この文春記事から読むに、中川さんという人は学力はかなりあったけれど、

それ以上にキャラクターが面白い方だと思いました。

 

志望大学を「占いの結果で」京都府立医科大学に決めたことや、

医大で成績が悪く、学長から直々に呼び出されて注意を受けながら、スレスレで留年を乗り切ったネタを自慢に変えていたあたり。

何とも面白い方だと思います。

「神童」「秀才」などと割り切ってしまうのはもったいないぐらいの人だったと思います。

 

高校入試前、大学入試前など「やらなきゃならない」時には猛烈に勉強して

なんとか切り抜けて結果(県内一の進学校合格と、医学部合格)を出す一方で、

学校などで皆とワイワイやることも好きで、文化祭準備など頼まれなくても頑張って徹夜してしまうタイプ。

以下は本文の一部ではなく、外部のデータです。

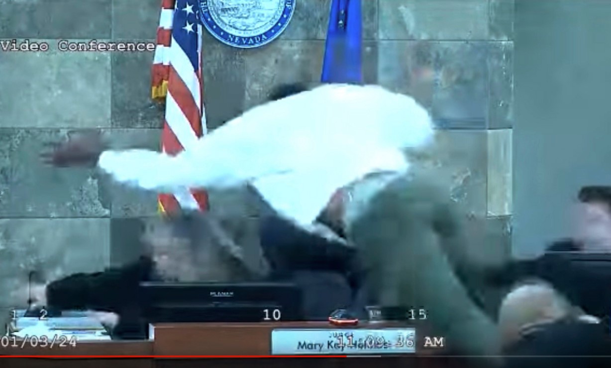 USA - 30letý Theobra Delona Reddena, srazilo na zem za soudcovskou lavicí několik soudních a vězeňských úředníků a zaměstnanců soudu poté, co napadl soudkyni. (Foto: X)Muž byl zatčen a umístěn do vazební věznice Clark County Detention Centre, kde čelí několika novým obviněním z trestných činů, včetně ublížení na zdraví chráněné osobě s odkazem na soudce …

紋切り型に「秀才」「神童」と断ずるにはあまりにもったいない人物だと思います。

 

中川さん本人は、「勉強は追い込まれてからやれば何とかなる」と思っていたように

私は思います。

医学部卒業、医師国家試験までは、最後は騙し騙しだったかもしれないけど乗り切って来られた。

それがどうにもならなくなってしまって、限界状況をついに迎えてしまったのが、

大阪鉄道病院での研修医時代ではなかったのではないでしょうか。